▸ Task item: Output, word for word, the line that contains "在学校将慕课(MOOC)建设" and all lines following it to the end of the listing. Drop the pictures.

▸ Collected data:

#####

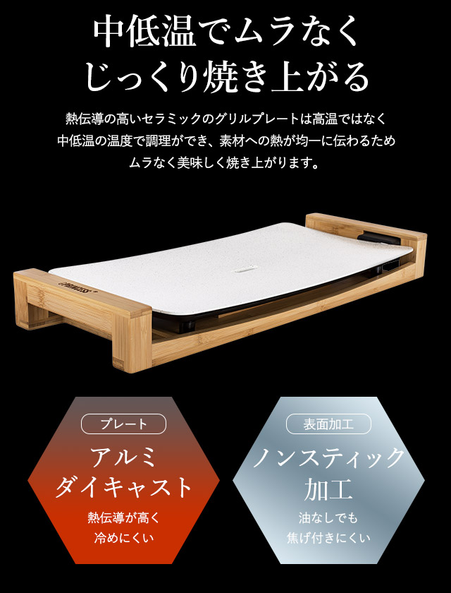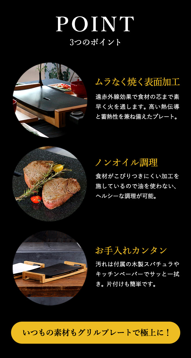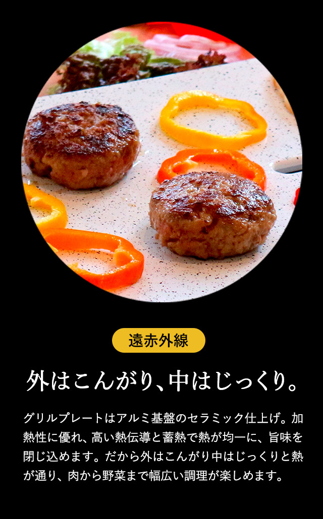 ●サイズ:(グリルプレート)約横56×縦25.5×高さ4.4cm、(台座)約横61.4×縦22.2×高さ7cm
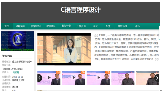 在学校将慕课(MOOC)建设列入“十三五”建设目标及本科教学工作重点的背景下,教务处加大了我校MOOC建设的投入和管理力度,于2014年11月启动了“昆明理工大学精品资源共享课”的建设。其中《C语言程序设计》MOOC共享课程经过计算中心教学团队的努力,于近期通过了“东西部高校课程共享联盟”评审,并在共享联盟运营商——智慧树网站上成功上线(http://online.zhihuishu.com/CreateCourse/course/home/2003406),成为我校首门上线“东西部高校课程共享联盟”的课程。“东西部高校课程共享联盟”成立于2013年10月,其会员包括“985工程”单位24所,“211工程”单位57所,我校是该联盟第一批成员单位。目前已有2000余所高校使用“东西部高校课程共享联盟”提供的优质共享课程资源,惠及200余万大学生。《C语言程序设计》课程上线“东西部高校课程共享联盟”,有利于扩大我校及我校优秀课程和教师在国内的知名度和影响力,将极大促进我校优质课程资源的开发与共享,提高我校人才培养质量。
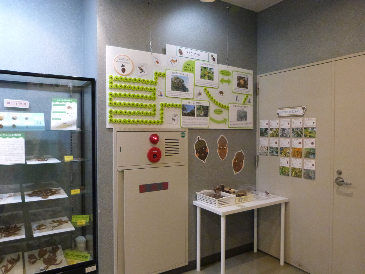2023年01月14日 企画展「たかつきのどんぐり」を3月12日まで延長します 企画展「たかつきのどんぐり」は1月9日(月)をもって終了しました。3月18日(土)までエレベーター工事のため企画展がありません。何もないのは寂しいので、規模を縮小して展示しました。 展示スペースの廊下部分に、パネルを移動させました。ポンポン山のコーナーにも追加しました。

#####

▸ Answer box:
 在学校将慕课(MOOC)建设列入“十三五”建设目标及本科教学工作重点的背景下,教务处加大了我校MOOC建设的投入和管理力度,于2014年11月启动了“昆明理工大学精品资源共享课”的建设。其中《C语言程序设计》MOOC共享课程经过计算中心教学团队的努力,于近期通过了“东西部高校课程共享联盟”评审,并在共享联盟运营商——智慧树网站上成功上线(http://online.zhihuishu.com/CreateCourse/course/home/2003406),成为我校首门上线“东西部高校课程共享联盟”的课程。“东西部高校课程共享联盟”成立于2013年10月,其会员包括“985工程”单位24所,“211工程”单位57所,我校是该联盟第一批成员单位。目前已有2000余所高校使用“东西部高校课程共享联盟”提供的优质共享课程资源,惠及200余万大学生。《C语言程序设计》课程上线“东西部高校课程共享联盟”,有利于扩大我校及我校优秀课程和教师在国内的知名度和影响力,将极大促进我校优质课程资源的开发与共享,提高我校人才培养质量。
2023年01月14日 企画展「たかつきのどんぐり」を3月12日まで延長します 企画展「たかつきのどんぐり」は1月9日(月)をもって終了しました。3月18日(土)までエレベーター工事のため企画展がありません。何もないのは寂しいので、規模を縮小して展示しました。 展示スペースの廊下部分に、パネルを移動させました。ポンポン山のコーナーにも追加しました。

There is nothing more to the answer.